# HMC & Cinema Connection Kit Questions



## Odys (Nov 5, 2011)

I'm planning on ordering HMC and have some questions. I currently only have one TV set up in the home theater, it has an HR20-700 and I'm using a Linksys gaming adapter for VOD. It works fine, but I have some questions about adding HMC to the second media room I'm building and whether I should make changes to the existing setup.

1. Should I replace the Linksys gaming adapter? Will the Cinema Connection Kit be faster in downloading? I have the fastest possible broadband connection from my providor, but VOD seems to take a long time to download. Will I also need a Cinema Connection Kit for the second room, or will just one work for the whole house?

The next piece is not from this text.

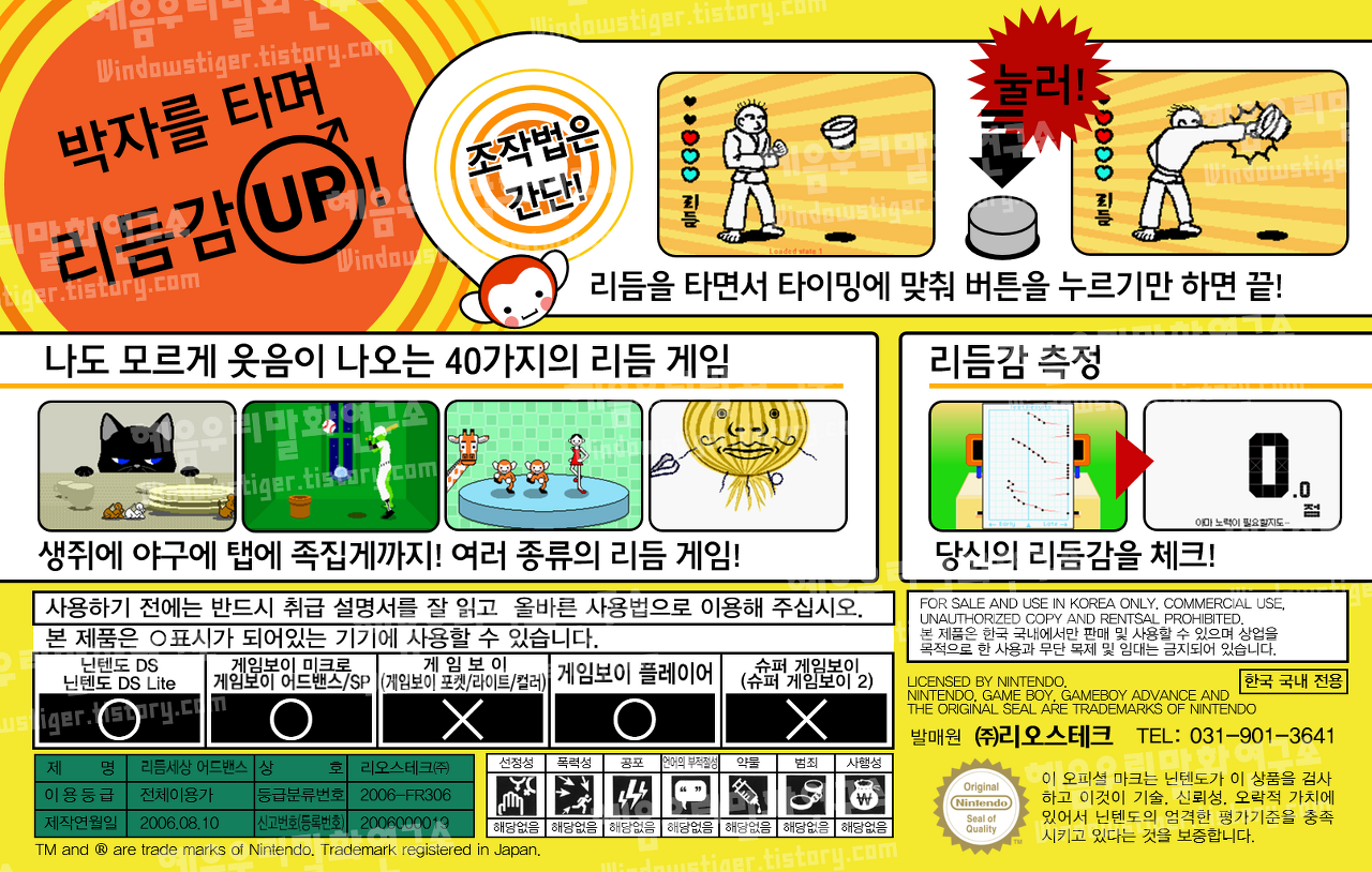 ๋ฆฌ๋ฌ ์ธ์ ์๋ฆฌ์ฆ์ ์ฒซ ์ํ์ผ๋ก GBA๋ก ๋ฐ๋งค๋์๋ค.๊ฒ์์์ ๋์ค๋ BGM์ ๋ฆฌ๋ฌ์ ๋ง์ถฐ ๋ฒํผ์ ๋๋ฅด๋ ๊ฒ์ ๋์ผํ์ง๋ง, 40 ์ข ๋ฅ์ ์คํ ์ด์ง๊ฐ ๊ฐ๊ฐ์ ์์ ๊ณผ ์งํ ๋ฐฉ์์ ๊ฐ์ง๊ณ ์๋ค. ๋๋ถ๋ถ 1~2

2. Does it matter what room the HR34 is in? The new setup has a 3D tv, so the HR20 won't work there, but the new setup would be a secondary one. Do I need to ask for another HD DVR if it's better to have the HR34 in the primary viewing room?

Thanks.


----------



## veryoldschool (Dec 10, 2006)

Odys said:


> I'm planning on ordering HMC and have some questions. I currently only have one TV set up in the home theater, it has an HR20-700 and I'm using a Linksys gaming adapter for VOD. It works fine, but I have some questions about adding HMC to the second media room I'm building and whether I should make changes to the existing setup.
> 
> 1. Should I replace the Linksys gaming adapter? Will the Cinema Connection Kit be faster in downloading? I have the fastest possible broadband connection from my providor, but VOD seems to take a long time to download. Will I also need a Cinema Connection Kit for the second room, or will just one work for the whole house?
> 
> ...


VOD downloads at about 7 Mb/s, so if you have a faster connection, it still won't be any faster.
When you add the HR34, you'll have to move to a SWiM system.
SWiM frees up the band for DECA and the HR34 has one internally. The HR20 doesn't, but can have a white DECA added, so the two can be networked through the coax. Adding a Cinema Connection Kit would bridge the coax network to the internet, and both receivers will have access.


----------



## Odys (Nov 5, 2011)

Great, thanks VOS.


----------



## matthpd195 (Jun 23, 2004)

What exactly is the cinema connection kit?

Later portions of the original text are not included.